= Edmundo Murray =

Argentine author

Edmundo Murray (born 1955 in Buenos Aires), is an Argentine author, born in a family with mixed Colombian, Irish and Swiss roots. He has published widely on Irish-Latin American relations, art and diplomacy, links between food and music, and cycling cultures.

==Biography==
Edmundo Murray studied in Argentina, Switzerland and the United States. He obtained a PhD in Latin American literature from University of Zurich (Romanisches Seminar), and a M.A. from University of Geneva. He is a lecturer and frequent contributor of articles in cultural history, regional cultural integration and Irish and Latin American studies. He is a Founding Member of the Society for Irish Latin American Studies, and member of the Swiss Society of Americanists. Founder and first editor of Irish Migration Studies in Latin America, a journal focusing on relations between Ireland and Latin America. His focus on immigrants's identity considered as "a problem, an open question", led him to analyze other aspects of cultural history in international relations, links between food and music, and literary identities.

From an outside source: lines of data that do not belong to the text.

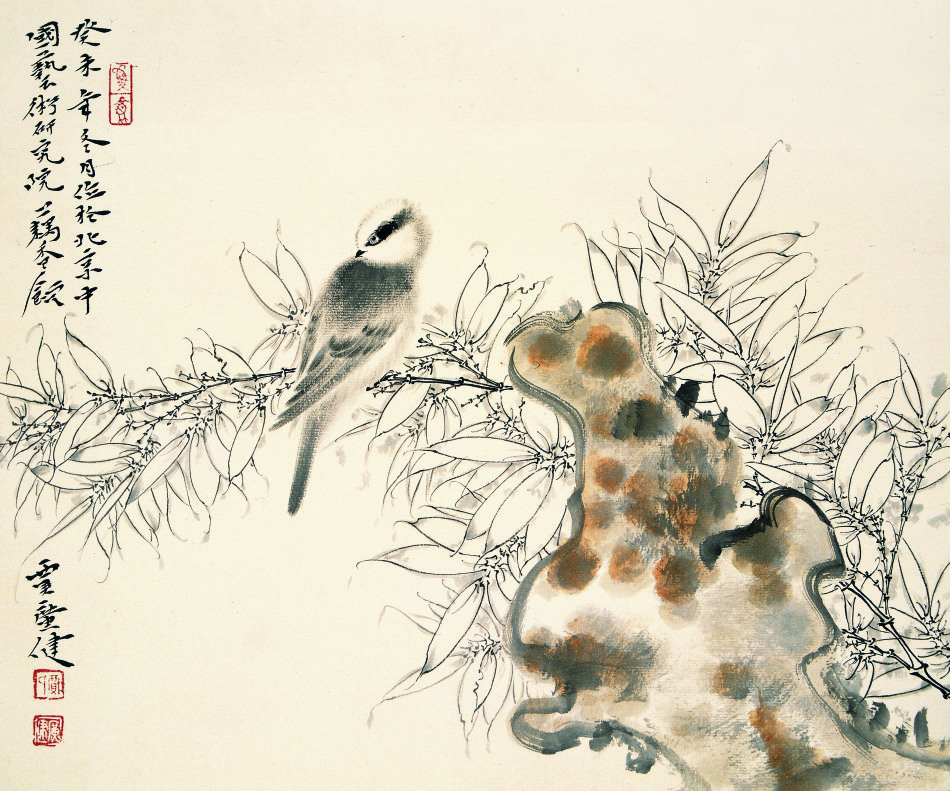 一代宗师李可染有这样一句箴言:以最大的勇气打进去,以最大的勇气打出来。贾广健的大景花鸟画情之真挚、法之精严、理之周致,体现出他对传统的用功和对传统的超越。贾广健从中国画的散点透视原理、传统山水画的立轴形式和中国画的手卷形式中领悟出自己喜爱的方形图式。他对物象的严肃描写和对细节的认真关注的绘画倾向,得益于他对宋人花鸟画的深入研究。他的画表面上看好似客观自然的一角,好似本真自然的状,也好似纯粹自然的描摹,而实际上却是精心营构出来的,画中的每一个细节无论在造型关系上还是空间层次上都很有推敲,尤其是画面边角的处理更见匠心,画面注重整体结构与整体气势的把握。他的每一幅大型作品都有多个“点”,而这些“点”不仅统一在全局之中,而且又有相对的完整性。对于他的画,我们可以远观其势,近看其“点”,犹如欣赏一幅大的立轴山水画或一幅长长的手卷。
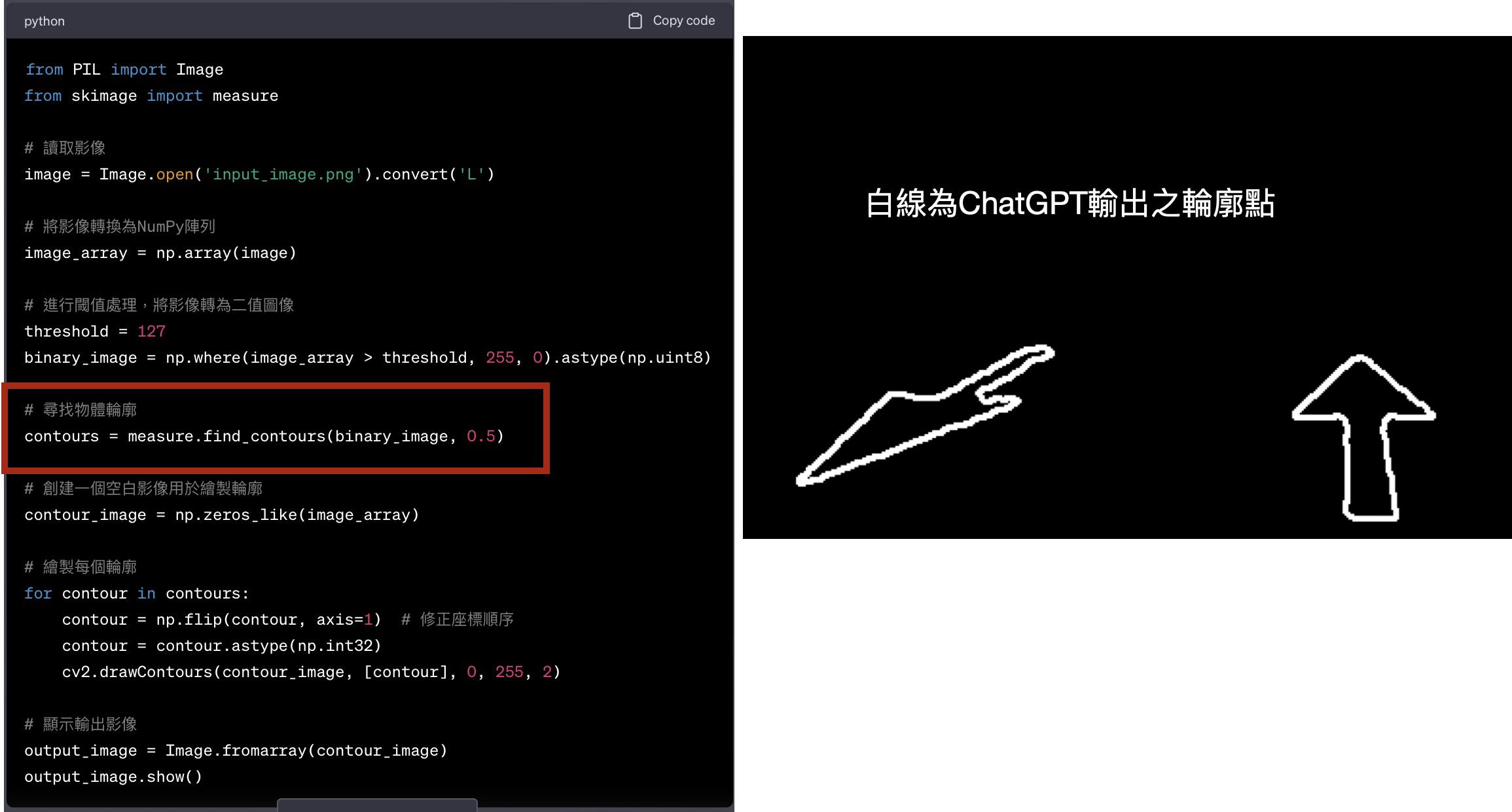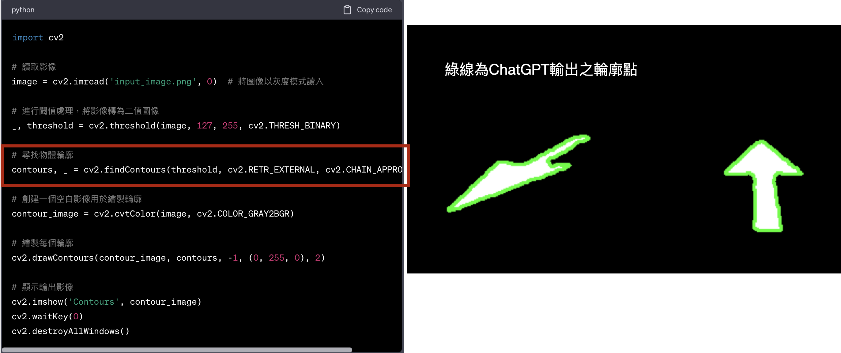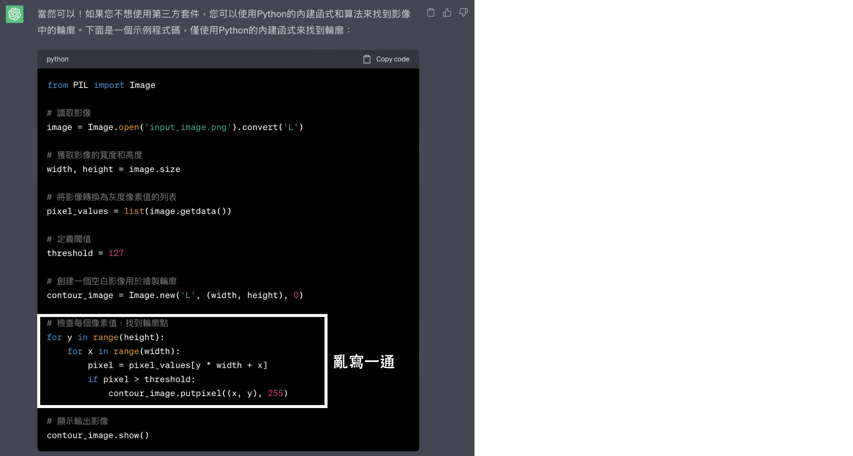 ChatGPT的做法是使用OpenCV庫的findContours函數(上圖紅匡處)來得到我要的結果。但這樣嚴格說起來就不是ChatGPT自己寫「找輪廓」這個程式了,他是「使用」別人寫好的程式來達到這個功能。然而我就是想讓ChatGPT自己寫看看,所以給了另一個要求:
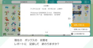 ここで「記録しない」を選んでしまうと、ポケモンの移動が正常に反映されないため注意が必要です。
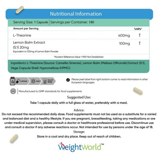 Our premium L-Theanine with Lemon Balm formula delivers 500mg of natural nootropic power in each vegan capsule. Every bottle contains 180 capsules, providing a generous 6-month supply of this powerful amino acid supplement. Unlike tablets, our capsules are expertly formulated for superior bioavailability and gentle digestion.
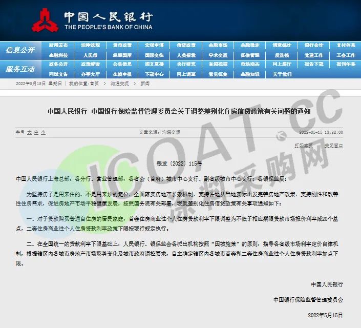 近日,楼市再传重磅利好消息!中国人民银行、中国银行保险监督管理委员会发布《关于调整差别化住房信贷政策有关问题的通知》,明确对于贷款购买普通自住房的居民家庭,首套住房商业性个人住房贷款利率下限调整为不低于相应期限贷款市场报价利率减20个基点。
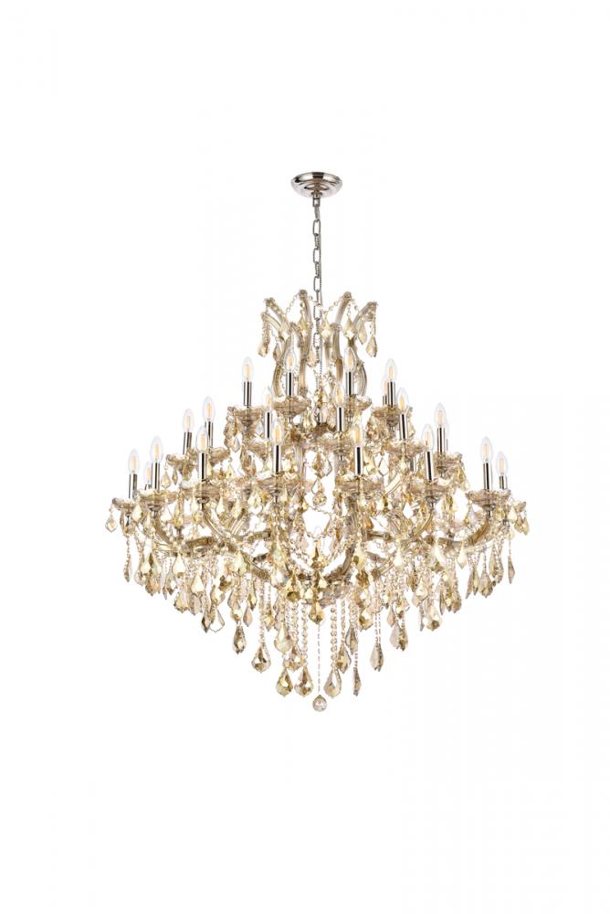 Lamp features a diameter of 44 inches, a height of 44 inches, and requires 37 candelabra bulbs
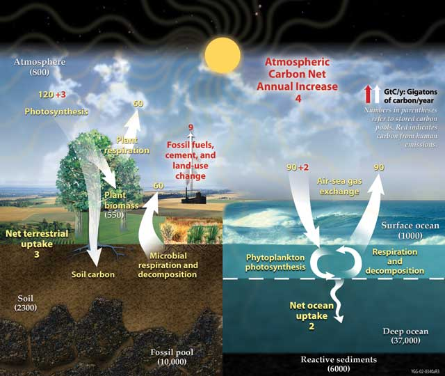 - Examines carbon cycle interactions between atmosphere and biosphere
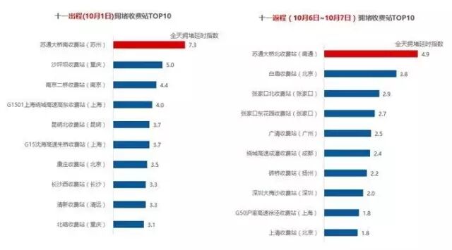 10月1日为高速出程高峰,苏州苏通大桥南收费站拥堵程度最高,其次为重庆沙坪坝收费站;
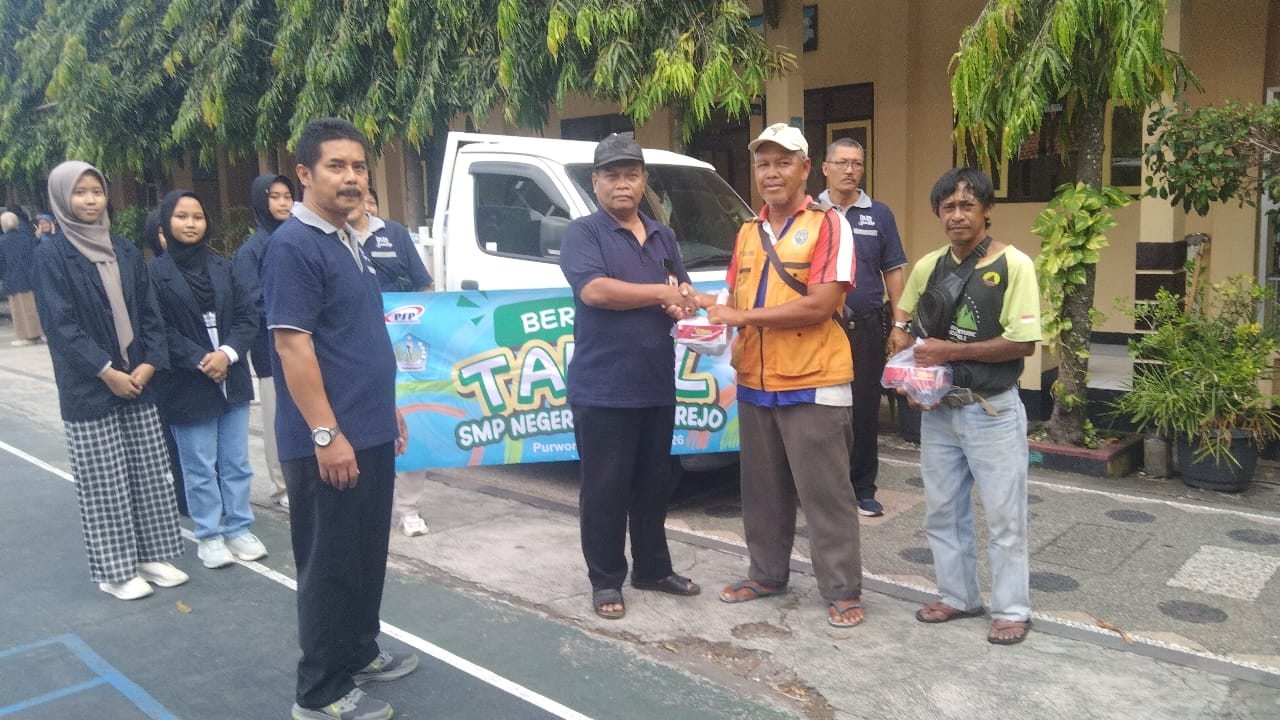 Simbolis penyerahan Takjil kepada masyarakat yang dilakukan Kepala SMPN 4 Purworejo, Teguh Prayitno, S.Pd., M.M.Pd. - foto: Koranjuri.com
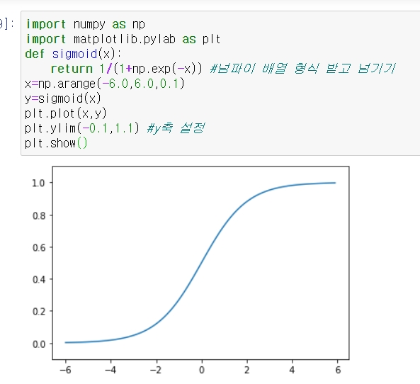 시그모이드 함수를 파이썬으로 코드를 작성하면 다음과 같습니다.
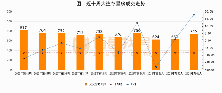 存量房方面,第52周大连存量房成交745套,较上周增加114套,环比上涨18.1%。从近十周成交走势来看,周均成交套数为721套,本周高于平均水平3.3%。
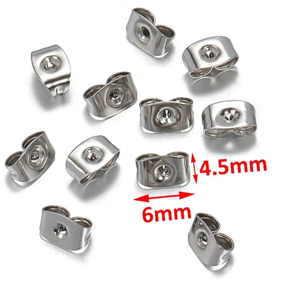 100pcs 4.5x6mm Gold Color Stainless Steel Butterfly Earring Safety Back Stopper for Stud Jewelry Making Finding Supplies

Visiting professor at University of Cape Verde. Research consultant of the West Africa Institute. Advisory Board member and contributor to Ireland and the Americas: Culture, Politics, and History (Santa Barbara, CA: ABC-CLIO, 2008). Poet and a short-story writer, he published Poemas Nómades (1999) and Taxonomía Fantástica de los Árboles de Buenos Aires (2000). From 2001 to 2020, Murray worked as publishing officer at WTO Publications, the in-house publisher of the World Trade Organization. He is a travel writer and bikepacker, and he contributes articles to his blog Bikes and Cultures.

Murray's book about the WTO building Art Discovery and Censorship in the Centre William Rappard of Geneva: Building the Future (2023) has been described as "an important contribution to the knowledge of significant heritage aspects of the international public buildings and their artistic collections", and a "fascinating account [that] provides intriguing insights into the artworks that were commissioned or gifted to the prestigious occupants of the Rue de Lausanne, 154". The chapter dedicated to the removal of Claude Namy's caricature In GATT We Trust in 2019 has been disapproved by the WTO, resulting on 14 percent of the original text deleted.

Edmundo Murray is married to Estelle Varanguien de Villepin and father of five. He currently lives in Peloponnese, Greece.

== Works ==
- Art Discovery and Censorship in the Centre William Rappard of Geneva: Building the Future (London: Palgrave Macmillan, 2023).
- Symphony of Flavors: Food and Music in Concert (Newcastle: Cambridge Scholars Publishing, 2015). Editor.
- Intégration régionale en Afrique de l´Ouest (Praia: West Africa Institute, 2014), with Abdarahmane Ngaïdé, Kalie Sillah, Bio Goura Soule, and Olumuyiwa Alaba.
- Centre William Rappard: Home of the World Trade Organization, Geneva (Geneva: WTO, 2011), with Joëlle Kuntz, also published in French and Spanish.
- Becoming gauchos ingleses: Diasporic Models in Irish-Argentine Literature (Palo Alto: Academica Press, 2009).
- Becoming Irlandés: Private Narratives of the Irish Emigration to Argentina 1844-1912 (Buenos Aires: L.O.L.A. Literature of Latin America, 2006). Revised edition.
- Devenir irlandés: Narrativas íntimas de la emigración irlandesa a la Argentina 1844-1912 (Buenos Aires: Eudeba, 2004).